(Collected data)

==================================================

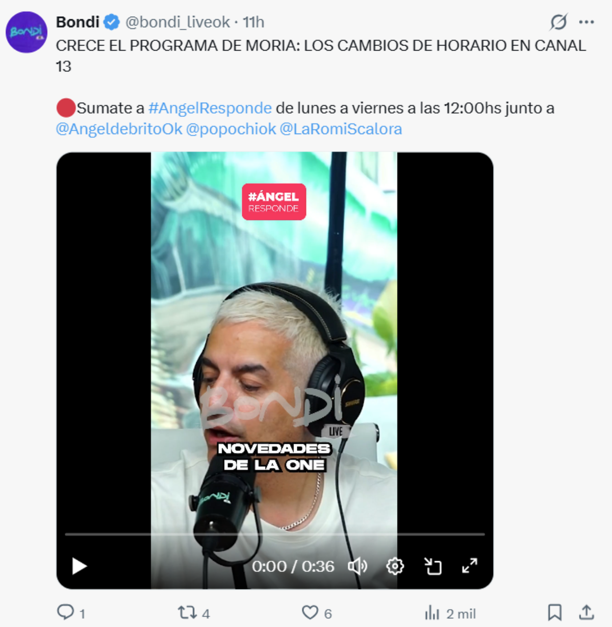 Desde el programa #ÁngelResponde por el canal de streaming Bondi, el conductor Ángel de Brito fue quien anunció que el ciclo televisivo que lidera Moria Casán tendrá media hora más a partir del 2026 a raíz de la aceptación que tuvo por parte de los televidentes.
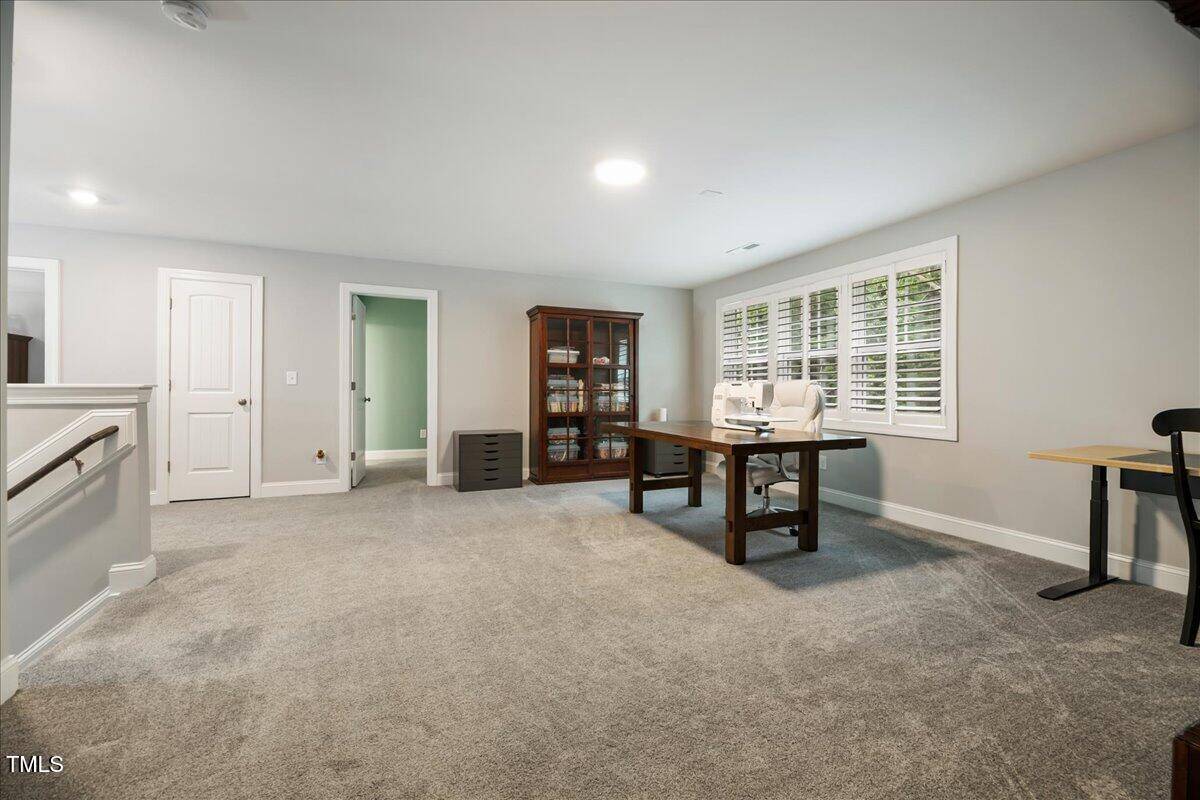 Upstairs, the expansive loft area serves as a flexible space with endless possibilitiesโwhether you envision a cozy reading nook, a home theater, or a fun hangout area for teens. Flanking the loft are two pairs of bedrooms, each connected by Jack-and-Jill baths, offering both privacy and convenience for family members or guests.
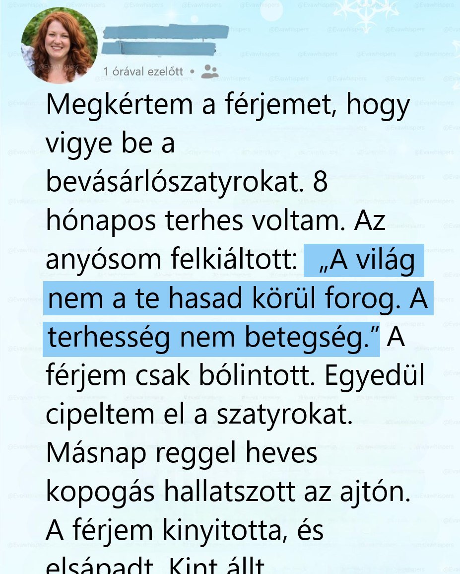 Így aztán fogtam a teli szatyrokat, és egyedül cipeltem be mindent. A karom remegett, a hasam feszült, a lépcső hosszabbnak tűnt, mint valaha. Nem is a bevásárlás volt a legnehezebb, hanem a csend. A férjem csendje, az anyósa lenézése, az a furcsa, üres magány, ami hirtelen rám ült.
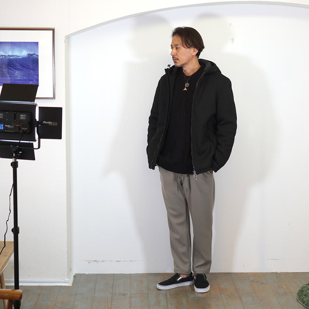 デザインはシンプルなフード付きのショートジャケットなのでスタイリングし易い
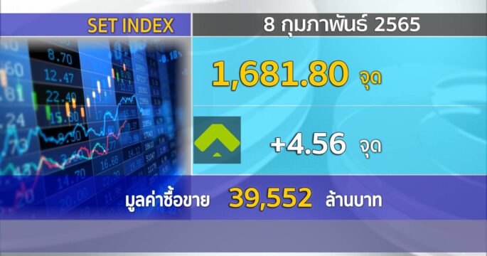 ตลาดหลักทรัพย์ฯ ปิดช่วงเช้าวันนี้ที่ระดับ 1,681.80 จุด เพิ่มขึ้น 4.56 จุด (+0.27%) มูลค่าการซื้อขายราว 39,552 ล้านบาท
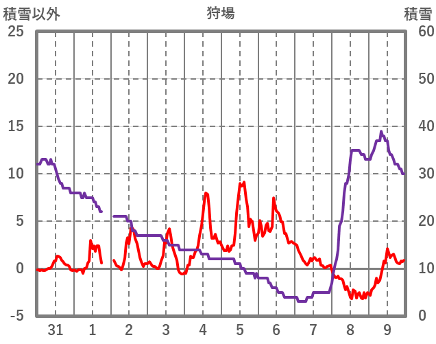 | 日 | 時 | 気温 | 降水 | 風向/風速 | 日照 | 積雪 | 降雪 |
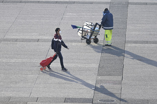 Mots-clés : 2020, alimentation, Ambiance, Atmosphere, chariot, confinement, containment, coronavirus, courses, Covid 19, covid19, eboueur, eboueurs, Economie, Esplanade, garbage, Homme, Illustration, La Défense, Man, Marche, Mask, Masque, Paris, paris la defense, parvis, poubelle, poussette, Proprete, quartier d'affaires
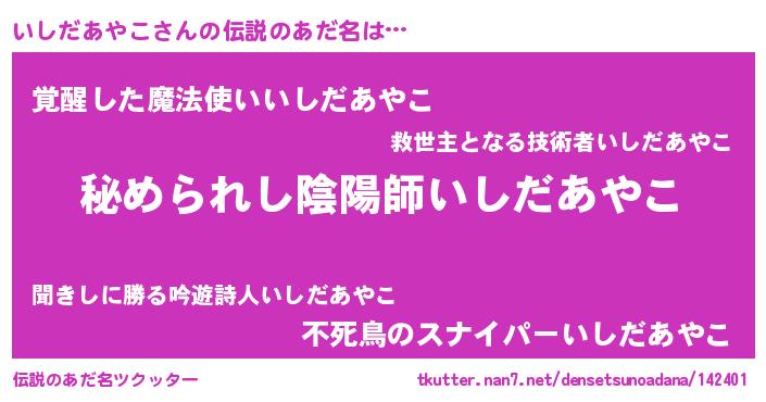 | ヒーロー風カッコイイあだ名 | 『ウルトラいしだあやこマン』 |
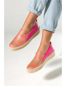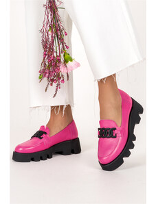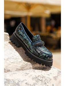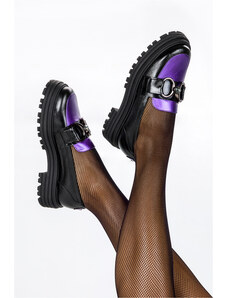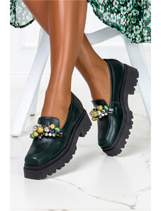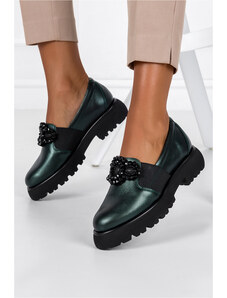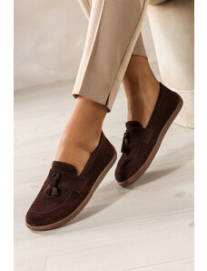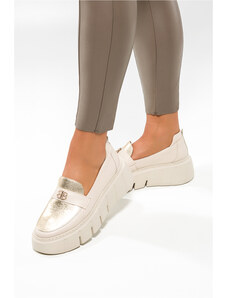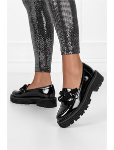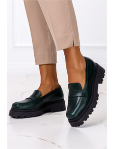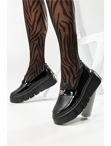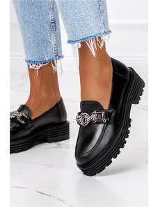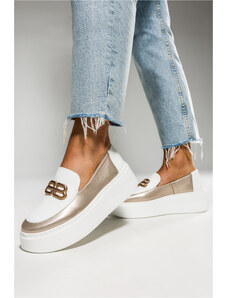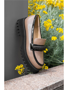 Czekoladowe mokasyny skórzane damskie bieżnikowana czarna platforma złota ozdoba PRODUKT POLSKI Casu 79802
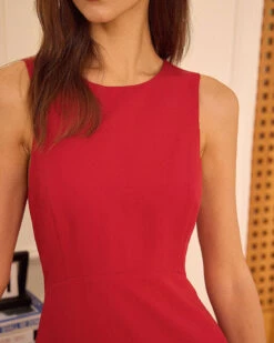 Crafted from premium quality fabric, this sleeveless mini dress ensures a comfortable and flattering fit. Its vibrant red hue is complemented by a sophisticated boat neck, offering a timeless silhouette with a modern twist.
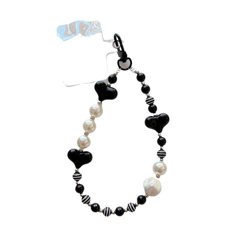k1430 bracelet short line black beads + black heart
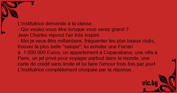 L'institutrice complètement choquée par la réponse vulgaire et crue de Jean Charles , essaie de récupérer la situation et feignant de l'ignorer et demande:
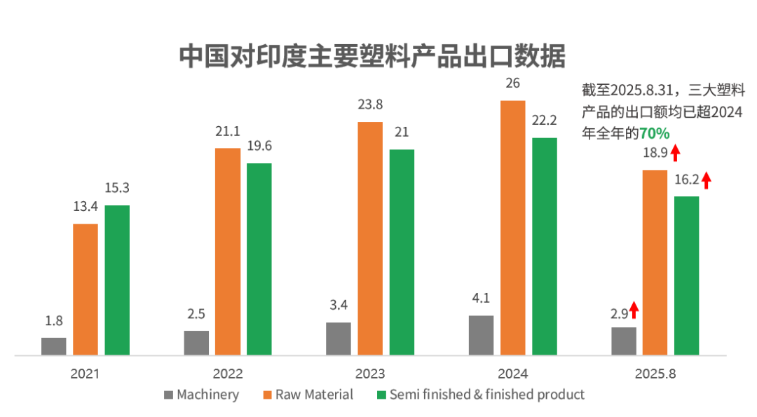 从塑料行业来看,根据中国海关数据统计,截至2025年8月31日,中国出口到印度的塑机、原材料、制品&半制品的出口额均已超过2024年全年的70%。
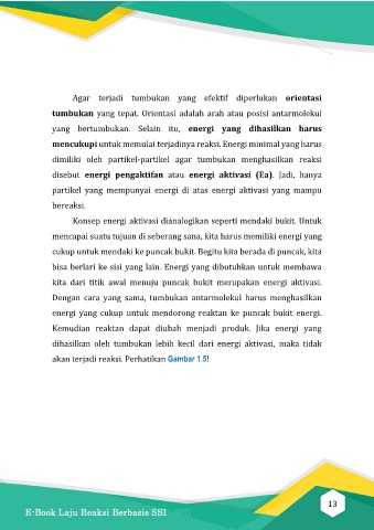 energi yang cukup untuk mendorong reaktan ke puncak bukit energi.
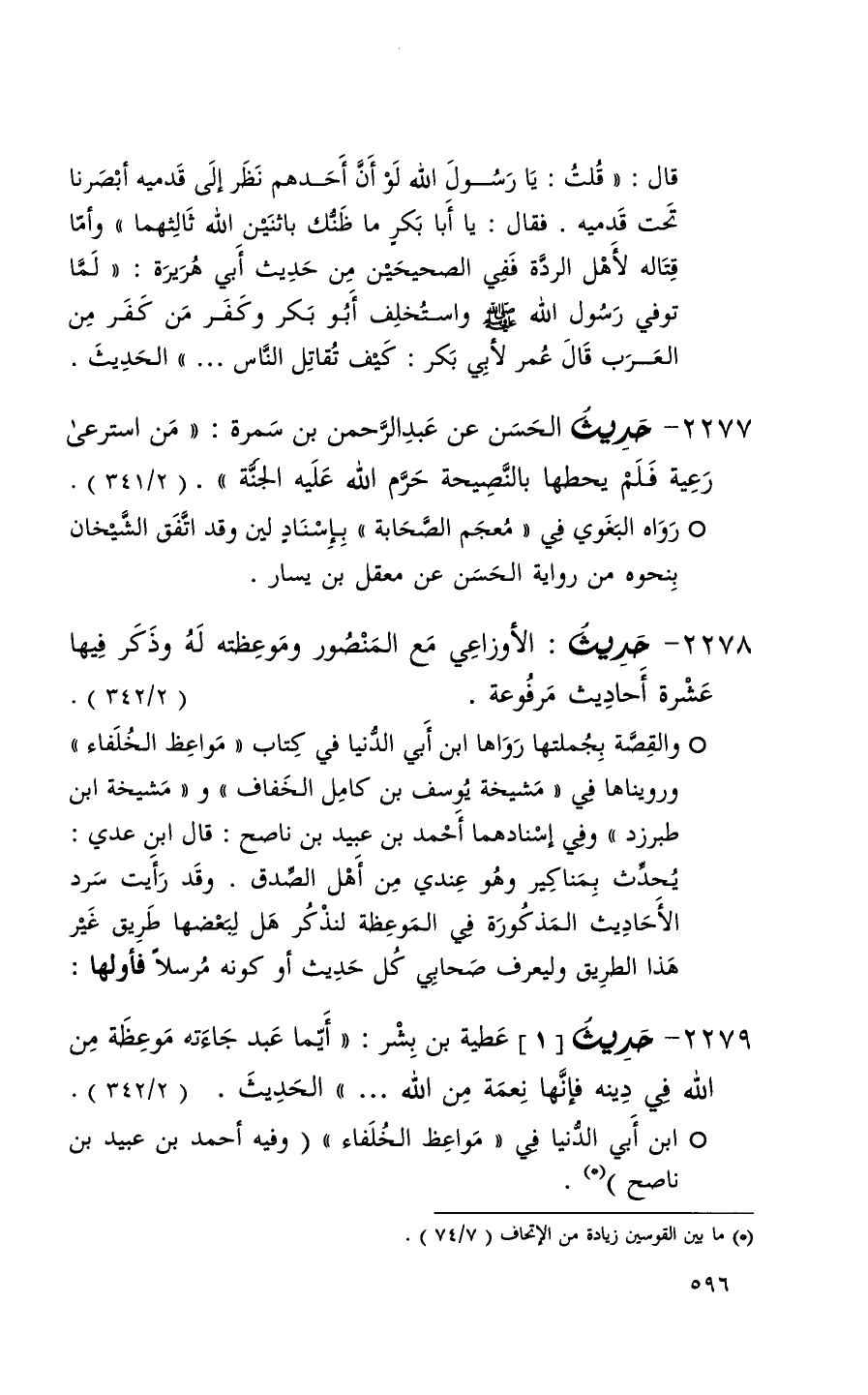 2278 حديث الأوزاعي مع المنصور وموعظته له وذكر فيها عشرة أحاديث مرفوعة + والقصة بجملتها رواها ابن أبي الدنيا في كتاب مواعظ الخلفاء ورويناها في مشيخة يوسف بن كامل الخفاف ومشيخة ابن طبرزد وفي إسنادهما أحمد بن عبيد بن ناصح : قال ابن عدي : يحدث بمناكير وهو عندي من أهل الصدق . وقد رأيت سرد الأحاديث المذكورة في الموعظة لنذكر هل لبعضها طريق غير هذا الطريق وليعرف صحابي كل حديث أو كونه مرسلاً فأولها +

==================================================

▸ **PROBLEM STATEMENT**: With the pictures left out, please output each line from the one containing "Proprete, quartier d'affaires" through the end of the entries, exactly as it is.

▸ **EXPECTED OUTPUT**:
 Mots-clés : 2020, alimentation, Ambiance, Atmosphere, chariot, confinement, containment, coronavirus, courses, Covid 19, covid19, eboueur, eboueurs, Economie, Esplanade, garbage, Homme, Illustration, La Défense, Man, Marche, Mask, Masque, Paris, paris la defense, parvis, poubelle, poussette, Proprete, quartier d'affaires
 | ヒーロー風カッコイイあだ名 | 『ウルトラいしだあやこマン』 |
 Czekoladowe mokasyny skórzane damskie bieżnikowana czarna platforma złota ozdoba PRODUKT POLSKI Casu 79802
 Crafted from premium quality fabric, this sleeveless mini dress ensures a comfortable and flattering fit. Its vibrant red hue is complemented by a sophisticated boat neck, offering a timeless silhouette with a modern twist.
k1430 bracelet short line black beads + black heart
 L'institutrice complètement choquée par la réponse vulgaire et crue de Jean Charles , essaie de récupérer la situation et feignant de l'ignorer et demande:
 从塑料行业来看,根据中国海关数据统计,截至2025年8月31日,中国出口到印度的塑机、原材料、制品&半制品的出口额均已超过2024年全年的70%。
 energi yang cukup untuk mendorong reaktan ke puncak bukit energi.
 2278 حديث الأوزاعي مع المنصور وموعظته له وذكر فيها عشرة أحاديث مرفوعة + والقصة بجملتها رواها ابن أبي الدنيا في كتاب مواعظ الخلفاء ورويناها في مشيخة يوسف بن كامل الخفاف ومشيخة ابن طبرزد وفي إسنادهما أحمد بن عبيد بن ناصح : قال ابن عدي : يحدث بمناكير وهو عندي من أهل الصدق . وقد رأيت سرد الأحاديث المذكورة في الموعظة لنذكر هل لبعضها طريق غير هذا الطريق وليعرف صحابي كل حديث أو كونه مرسلاً فأولها +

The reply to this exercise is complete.